In improving an animal’s innate immunity and maintaining its health, it is important to provide well-ventilated housing, reduce stock density, vaccinate and deworm according to schedule, increase weaning age, and routinely monitor for illness.

Several documented success stories have demonstrated the feasibility and benefits of focusing on prevention through IPC practices. Starting with Kibera in Nairobi county, where the introduction of waterless hand sanitizer in schools increased hand hygiene compliance after latrine use and before meals to 82%, leading to reductions in diarrheal incidence and school absenteeism (24). In Kilifi County, there was the Community-Led Total Sanitation (CLTS) initiative, which reduced open defecation by involving the community, transforming IPC from an individual burden to a shared responsibility (20). In Kisumu (2018–2021), a project funded by Practical Action and the UK government extended water pipelines by 18.5 km, improved water access for 3,966 households, and benefited 19,830 people by addressing inadequate infrastructure for proper hand hygiene (25). Meanwhile, in Tanzania, the “Mikono Safi” school-based hand hygiene education program improved knowledge, skills, and normative reinforcement, effectively addressing the “why,” “how,” and “when” for proper hand hygiene (26).
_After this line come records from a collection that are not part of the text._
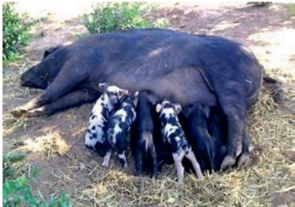
Figure 2. Sarda sow with piglets.

The Sarda is a small size breed with black, grey, tawny or spotted coat colour ( Figures 2 and 3 ). The bristles are numerous, long and rough, and on the dorsal line, they make up a mane. A lumbar tuft is possible. The head is of medium development, cone-shaped with a straight profile, small ears kept high up or leaning on the side. Wattles are sometimes present. Long tail with bristles sometimes forms a characteristic “horse” tail. Even if the breed presents large phenotypic variability, some morphological traits are considered indicators of crossbreeding and are thus cause of exclusion from the registry: absence of bristles, totally depigmented skin, straight ears, concave profile, striated cloak or agouti, presence of white band, even partial, on the chest. Sows of Sarda breed have on average 12.7 teats.
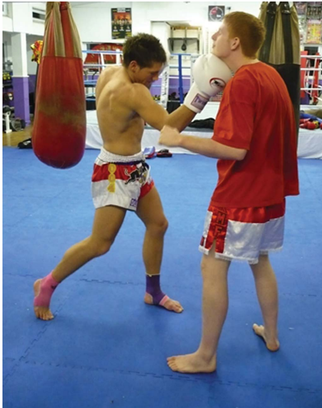
Figure 3. Uppercut.

capabilities of an athlete, may also be considered fundamental to force generation within Muay Thai. It is well documented that efficient SSC mechanics result in enhanced propulsive forces (11,14,15) and conservation of energy (12,100,102), and this therefore suggests that within martial arts, this may translate into enhanced power and power endurance of striking. As an example, double kicks or consecutive knees to an opponent require that after
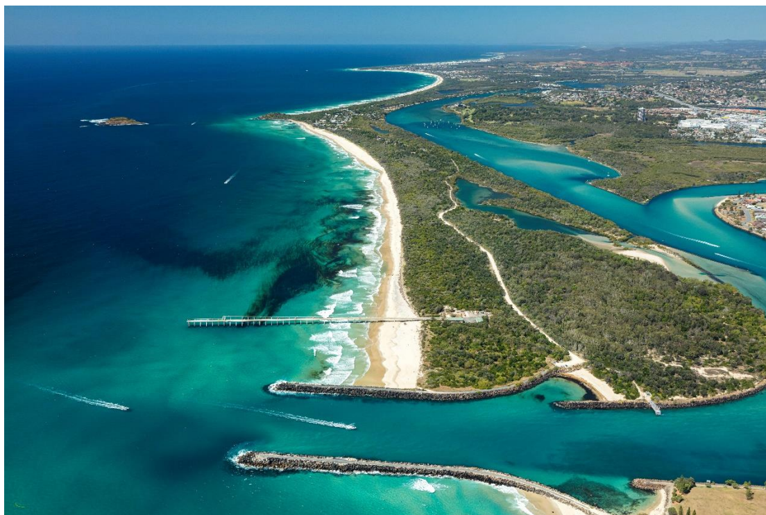
Figure 2 – Letitia Spit looking south
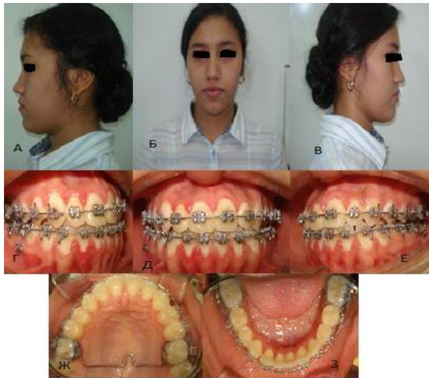
Pic. 5. Patient's front view after the treatment (a), face view on the sides after the treatment (b, c), incisal overlap reached (e), the view of the occlusion on the sides, the ratio of tusks in class I (d, f), the view from above the upper and lower arch of the tooth, crowding between the front teeth is eliminated (w, z).

After 16 months of intrusion of molars with intermandibular elastics and total distalization of the lower jaw with elastics of class III, an orthognatic bite with normal overlap of the front teeth was obtained (Picture 4 a, b).

While sustained small changes can lead to significant improvements, governance support is also critical. In Kenya, key strides in IPC began with establishing IPC guidelines and County Infection Prevention and Control Advisory Committees (CIPAC) in 23 counties. Additionally, 40 veterinary officers received biosecurity training, and 318 farmers across Nyeri, Machakos, and Nakuru were trained in broiler production, antimicrobial use, and biosecurity (27).
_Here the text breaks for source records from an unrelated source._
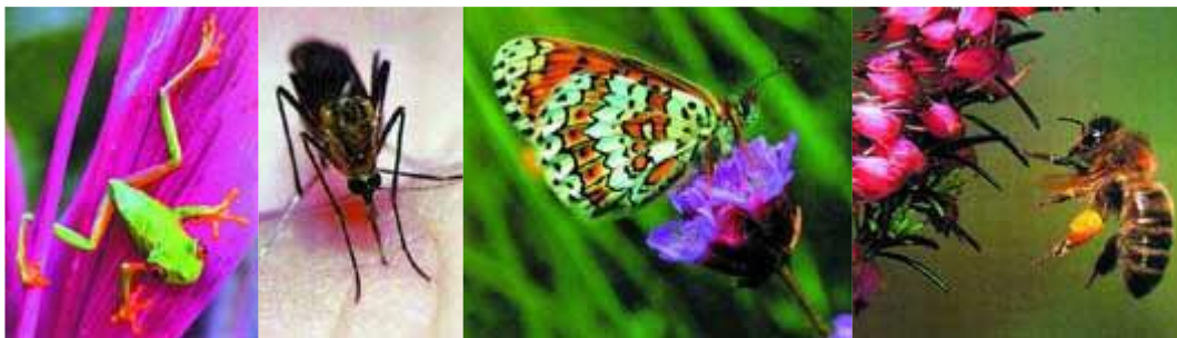
Some creatures that undergo metamorphosis: the frog, the butterfly, the bee, the mosquito.
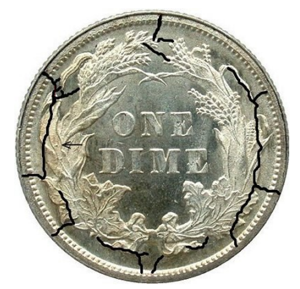
1877 Type II F-115

And finally the 1877 F-115 reverse die that lead to this article. The die crack pattern is typical for With Legend dimes as the reverse die cracks on the outer edges of the wreath are due to planchet induced metal flow stress. This stress originates at the center of the die and migrates to the edges. The stress is probably at its highest in the area between rim and outer wreath due to the metal flow force as metal is trying to fill in the wreath devices. In the case of this 1877 reverse die, the late die state reveals not only the radial cracks but the multiple spurs to the rim. The 1891 New Orleans date is also another opportunity for extensively cracked reverse dies in this same pattern.
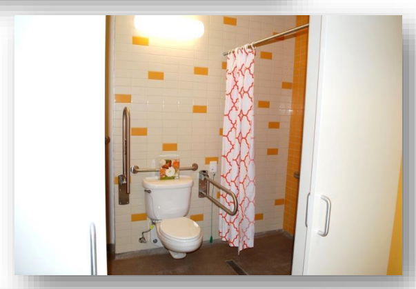
Large bathroom with shower and plenty of storage space

These examples demonstrate that in a community where infrastructure, education, and social reinforcement align, IPC behaviors can shift measurably. They also provoke reflection on what scalable insights from localized successes could inform a global paradigm where prevention of illnesses is embedded into the fabric of daily life and production, instead of our reactive approach of managing illnesses. Yet achieving this paradigm requires first dismantling the prevailing notion that disease prevention and antimicrobial stewardship are concerns that belong and begin only within clinical settings.


Conclusion 

There remains a persistent misconception about where exactly antimicrobial stewardship begins. This misconception is that the stewardship begins in the hospital hallways, but the reality is that by the time a prescription is written, multiple preventive opportunities have already been missed in our farms, homes, and environment. If antimicrobial stewardship is a powertrain guiding us to a future where antimicrobials remain effective, Infection Prevention and Control is the chassis providing structural integrity of this powertrain. When it is weak, downstream interventions become compensatory rather than preventive, and the costs, whether it's human lives or economic burden, are borne by the affected communities and society at large.
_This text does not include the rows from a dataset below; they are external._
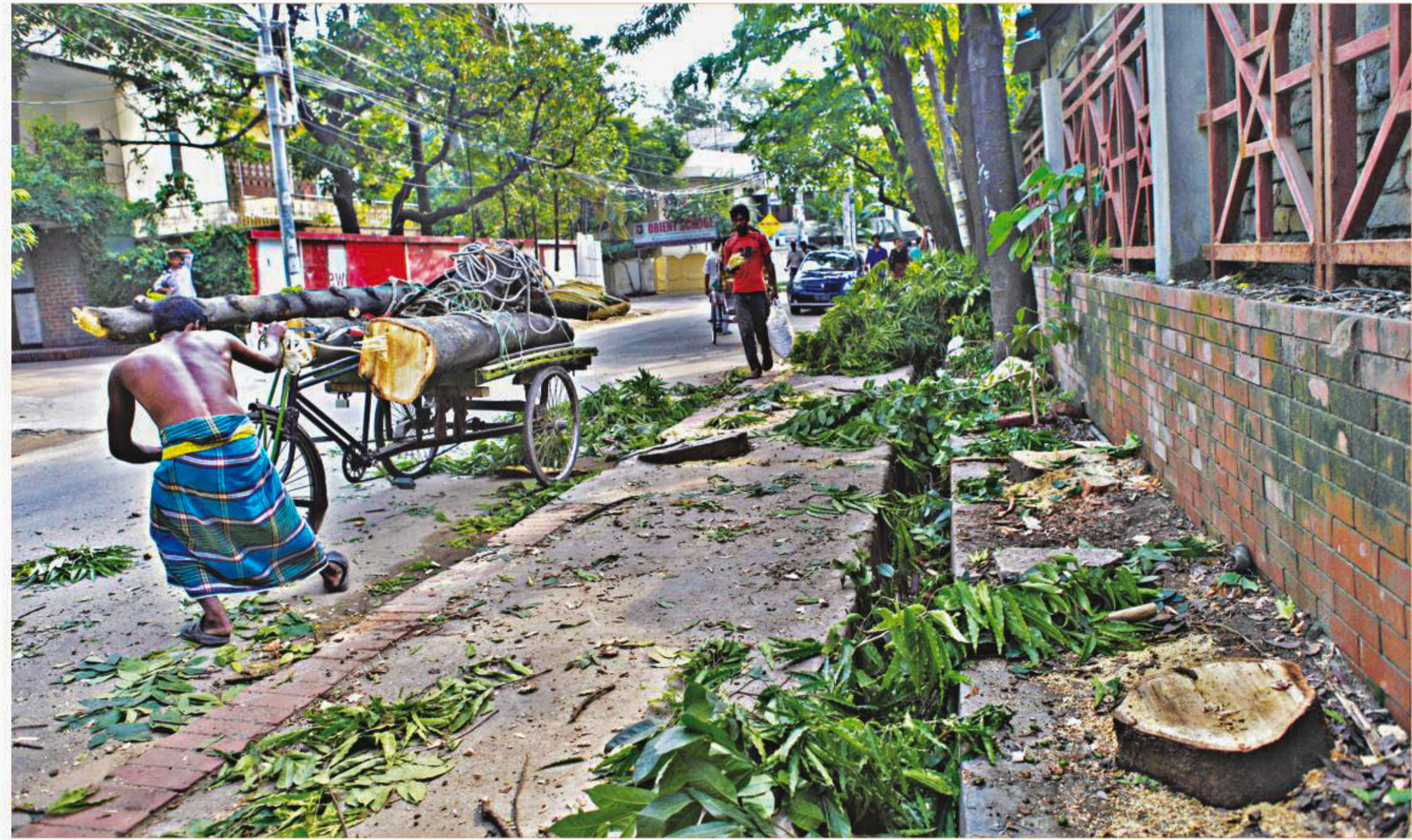
Six trees were cut off on Road 8 beside the Dhanmondi Club playground in the capital. The club authorities carried out the act in the name of widening the club's entrance gate. The photo was taken yesterday.
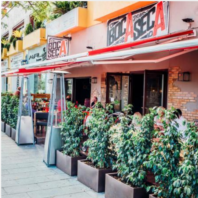
Marbella's Golden Mile

As Marbella and Nueva Andalucía residential areas become closer the Golden Mile will become the area's new High Street. In Marbella's new urban plan, the Golden Mile will see several new commercial buildings, hotels and a new larger exhibition complex.
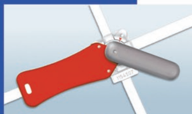
Unisto manual tool
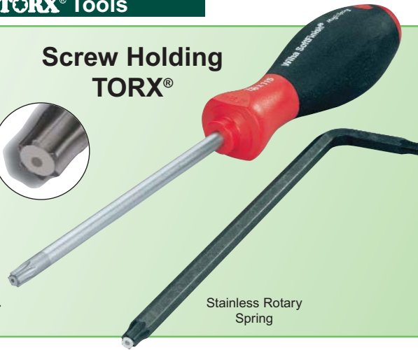
Stainless Rotary Spring
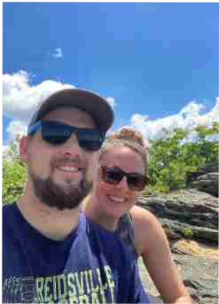
Buffalo Mountain Natural Preserve is a beautiful adventure in Floyd, VA! ~3 mile hike up and back!
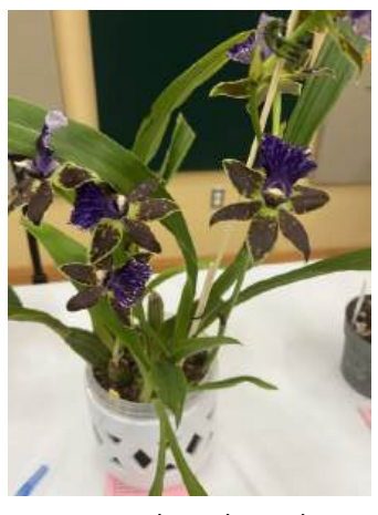
Zygopetalum Blue Velvet
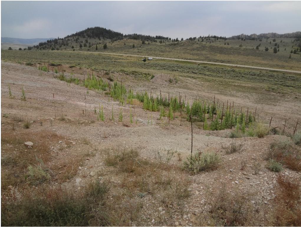
View of the site from the east side of the highwall looking NW at slope and pit floor
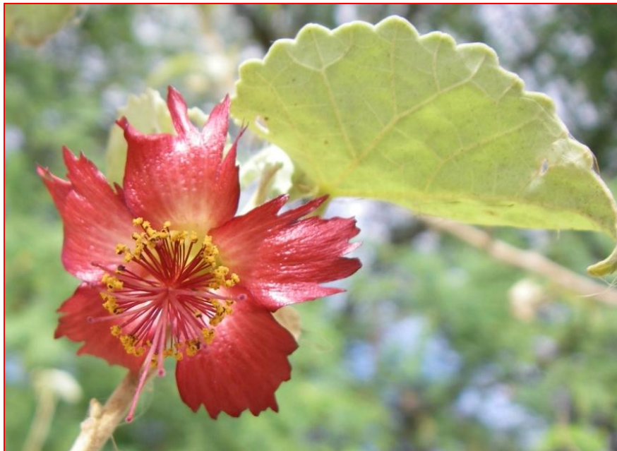
Figure 3. Ko‘o loa ‘ula ( Abutilon menziesii ) at Kapolei, Island of O‘ahu.

This HCP was developed to cover the impacts and measures that will be taken to mitigate the impacts to the endangered plant species, ko‘o loa ‘ula ( Abutilon menziesii ) (Figure 3, Table 3), that are present on a 1,381-acres of state and city-owned property, which is the site of the proposed construction of the North-South Road Highway, Kapolei Parkway and subsequent developments. The Department of Transportation (DOT) is the HCP and license holder, the implementation of the HCP mitigates for the impact of development actions that may be conducted by DOT and other agencies/organizations in the area. To date, Certificates of Inclusion, which authorize incidental take to third parties, have been issued to the Department of Hawaiian Home Lands, the University of Hawaii, and the City and County of Honolulu.
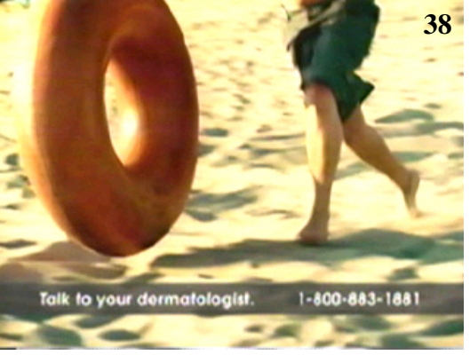
or paleness while
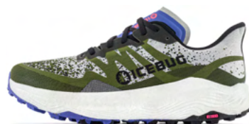
Järv RB9X Pesto/Lavender M: F0324006 W: F0378002
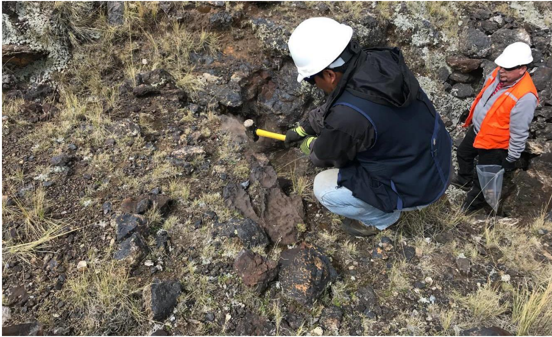
Sampling 1.72% Cu & 158 g/t Ag at Berenguela Central M-035
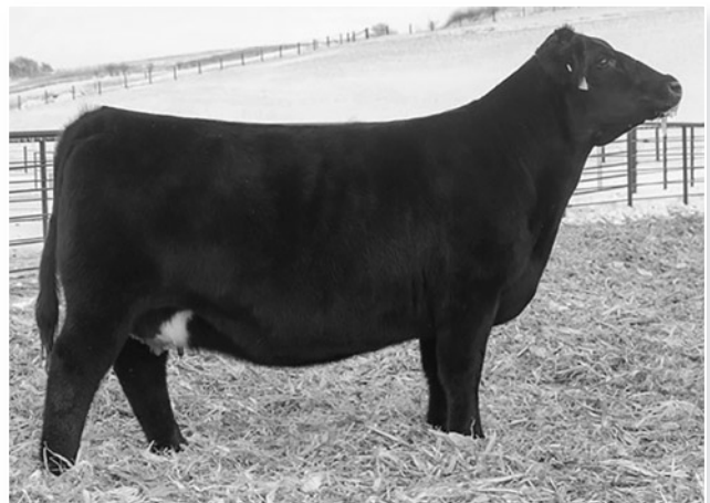
BNWZ SULL Calypso 708C Dam of Lot 5

• Selling 2/3 semen interest and full possession. Seller retains 1/3 semen interest. • A direct son of Memphis Mafia out of a prolific flush mate sister to BNWZ Data Bank that has all the basic fundamentals, correctness and the look we all desire. His donor dam, "Caly," as we call her, stems from the prolific Sullivan Farms program and has stepped into our donor rotation, producing two national champion Maine Angus females in three short years as well as division winners at majors across the country. Daughters have averaged well for us, with an Epic daughter topping the list at $40,000 to Clark Cattle of Texas. This is the first male offspring produced from Caly, and we are simply elated at the quality she has given us once again. Each year our industry searches for the next sire that has the ability to be a difference maker, and we truly believe Rags to Riches is just that sire! The most sought after and proven bloodline available within the breed, all wrapped up in a very rare purebred and low birth weight package. We believe that Rags to Riches has what it takes to be the next great go-to heifer safe promotional sire. He will be heavily used within our operations.

Strengthening Infection Prevention and Control will require coordinated investment and a one- health approach in infrastructure, behavioral reinforcement, agricultural biosecurity, and community-level systems. Prevention must become the default rather than reactive. There is potential for future research to focus on context-specific implementation strategies that strengthen this structural foundation and shift stewardship from reactive containment to upstream prevention. As we contemplate the intersections of human, animal, and environmental health, the imperative is clear: fortifying IPC is not merely a technical endeavor but a scientific commitment to sustainable well-being in our communities.